WORK REQUEST =
When writing out the entries below, keep only the lines from the line with "15、  注册完成后点击工具箱空白处,点击显示 EDS" to the line with "Cмеситель для кухонной", both included, exactly as they are, and leave the pictures aside.

DATASET =
-------

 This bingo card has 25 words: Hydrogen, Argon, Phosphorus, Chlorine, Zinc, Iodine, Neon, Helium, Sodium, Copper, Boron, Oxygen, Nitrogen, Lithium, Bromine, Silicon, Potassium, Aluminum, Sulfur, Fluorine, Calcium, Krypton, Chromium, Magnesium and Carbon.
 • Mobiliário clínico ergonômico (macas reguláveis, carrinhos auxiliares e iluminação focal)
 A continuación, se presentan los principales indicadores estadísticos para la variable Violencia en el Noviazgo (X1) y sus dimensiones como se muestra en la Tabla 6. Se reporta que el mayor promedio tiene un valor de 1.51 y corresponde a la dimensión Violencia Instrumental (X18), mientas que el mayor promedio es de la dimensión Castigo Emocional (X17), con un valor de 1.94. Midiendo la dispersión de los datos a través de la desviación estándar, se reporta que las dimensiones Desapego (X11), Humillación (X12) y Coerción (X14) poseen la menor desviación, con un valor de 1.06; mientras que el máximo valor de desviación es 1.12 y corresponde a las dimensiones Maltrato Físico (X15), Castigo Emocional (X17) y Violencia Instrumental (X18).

-------

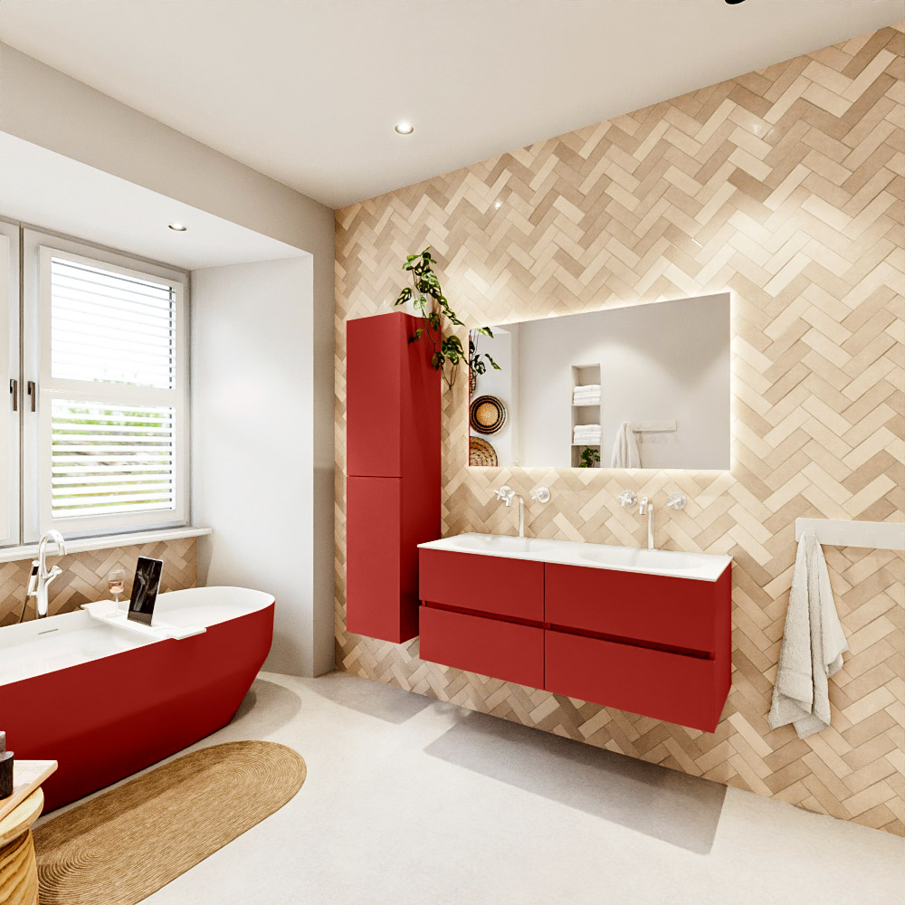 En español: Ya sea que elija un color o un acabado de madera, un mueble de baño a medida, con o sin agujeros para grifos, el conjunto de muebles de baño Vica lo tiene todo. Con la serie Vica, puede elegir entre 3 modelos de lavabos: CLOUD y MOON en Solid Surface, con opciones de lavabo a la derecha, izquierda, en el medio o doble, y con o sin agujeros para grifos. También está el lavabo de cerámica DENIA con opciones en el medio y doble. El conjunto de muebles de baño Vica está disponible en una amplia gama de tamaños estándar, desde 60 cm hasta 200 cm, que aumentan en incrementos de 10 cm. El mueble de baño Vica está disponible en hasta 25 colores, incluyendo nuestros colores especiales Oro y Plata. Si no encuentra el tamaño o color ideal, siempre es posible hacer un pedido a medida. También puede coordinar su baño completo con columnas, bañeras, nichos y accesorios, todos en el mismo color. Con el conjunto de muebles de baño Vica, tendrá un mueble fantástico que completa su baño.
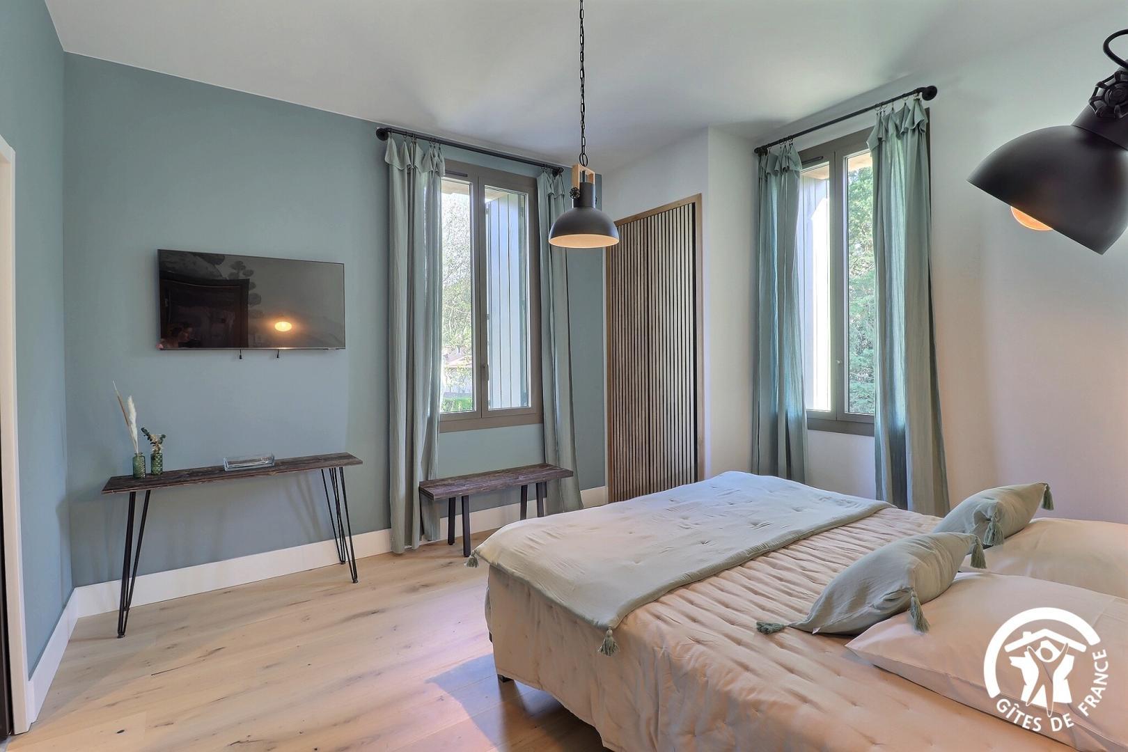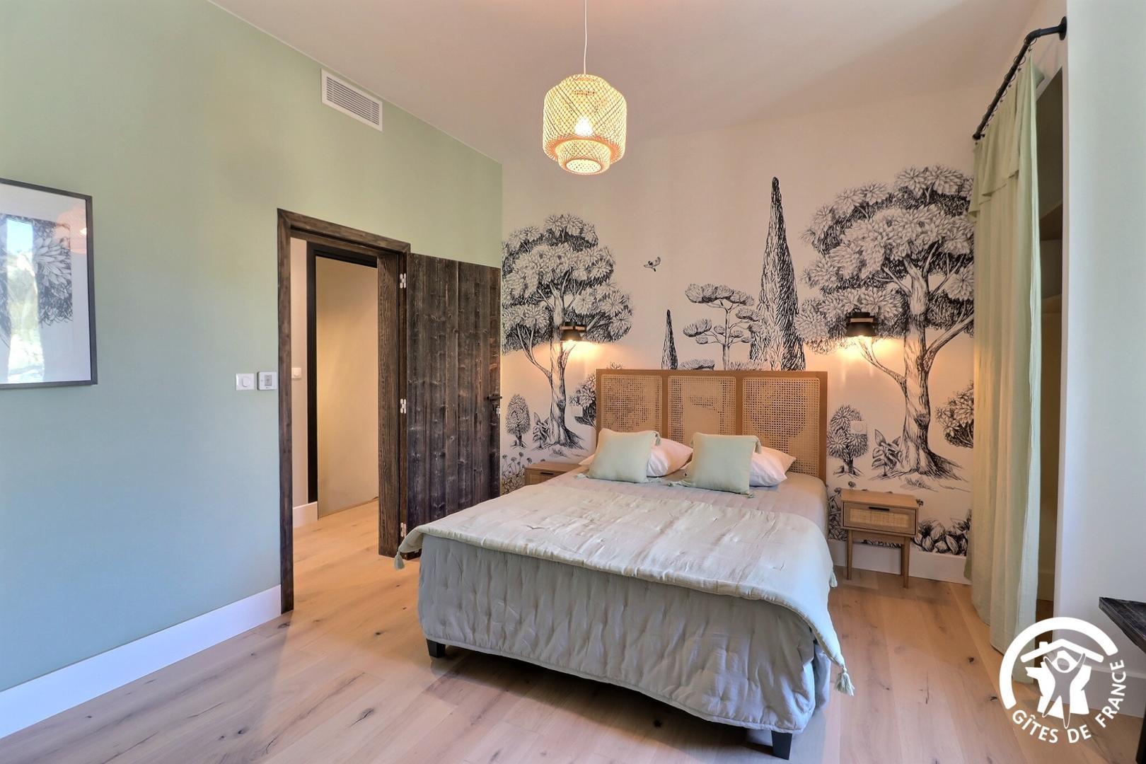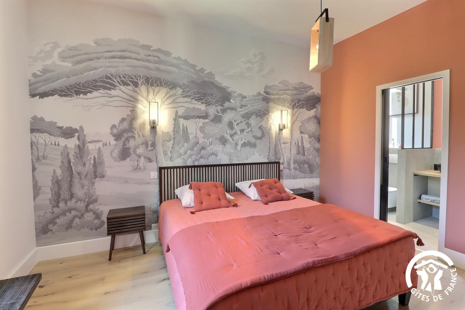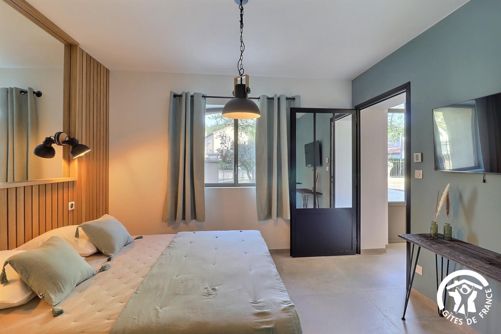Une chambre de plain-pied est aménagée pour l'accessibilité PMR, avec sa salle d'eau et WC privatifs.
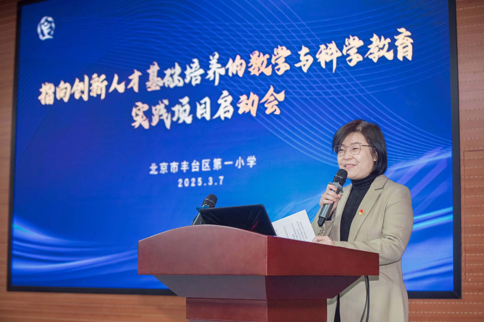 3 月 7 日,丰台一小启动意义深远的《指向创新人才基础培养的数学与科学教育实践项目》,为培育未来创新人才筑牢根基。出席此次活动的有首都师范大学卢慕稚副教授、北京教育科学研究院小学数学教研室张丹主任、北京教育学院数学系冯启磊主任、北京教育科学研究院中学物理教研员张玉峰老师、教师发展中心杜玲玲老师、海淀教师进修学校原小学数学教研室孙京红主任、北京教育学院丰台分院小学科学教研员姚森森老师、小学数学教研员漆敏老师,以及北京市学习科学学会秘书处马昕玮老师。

-------

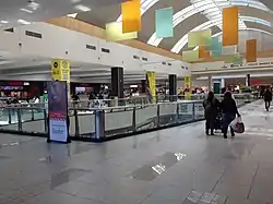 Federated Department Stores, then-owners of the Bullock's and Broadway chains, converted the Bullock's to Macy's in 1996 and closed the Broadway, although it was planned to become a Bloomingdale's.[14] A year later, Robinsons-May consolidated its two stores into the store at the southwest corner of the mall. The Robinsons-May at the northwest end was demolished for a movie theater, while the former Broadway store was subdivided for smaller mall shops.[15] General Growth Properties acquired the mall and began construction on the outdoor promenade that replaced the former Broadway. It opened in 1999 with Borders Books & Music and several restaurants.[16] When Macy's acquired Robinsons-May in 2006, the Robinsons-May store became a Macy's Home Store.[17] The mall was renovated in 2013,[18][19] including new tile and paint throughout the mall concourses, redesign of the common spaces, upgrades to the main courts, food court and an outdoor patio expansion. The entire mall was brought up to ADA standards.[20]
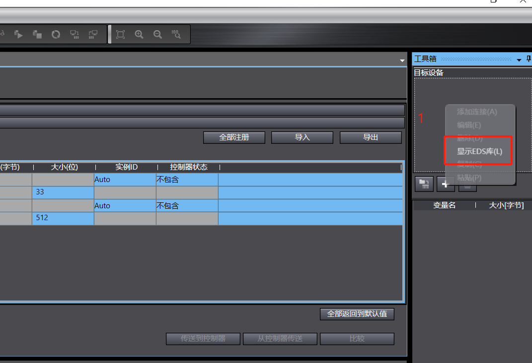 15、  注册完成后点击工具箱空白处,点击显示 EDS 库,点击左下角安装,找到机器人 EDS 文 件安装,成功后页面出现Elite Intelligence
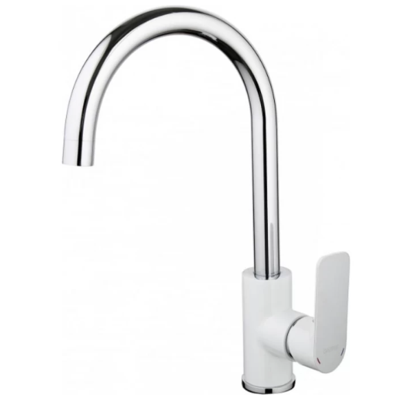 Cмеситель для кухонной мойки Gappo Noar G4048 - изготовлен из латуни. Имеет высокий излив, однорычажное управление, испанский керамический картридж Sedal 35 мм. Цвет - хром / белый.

-------

SOLUTION TO THIS TASK =
 15、  注册完成后点击工具箱空白处,点击显示 EDS 库,点击左下角安装,找到机器人 EDS 文 件安装,成功后页面出现Elite Intelligence
 Cмеситель для кухонной мойки Gappo Noar G4048 - изготовлен из латуни. Имеет высокий излив, однорычажное управление, испанский керамический картридж Sedal 35 мм. Цвет - хром / белый.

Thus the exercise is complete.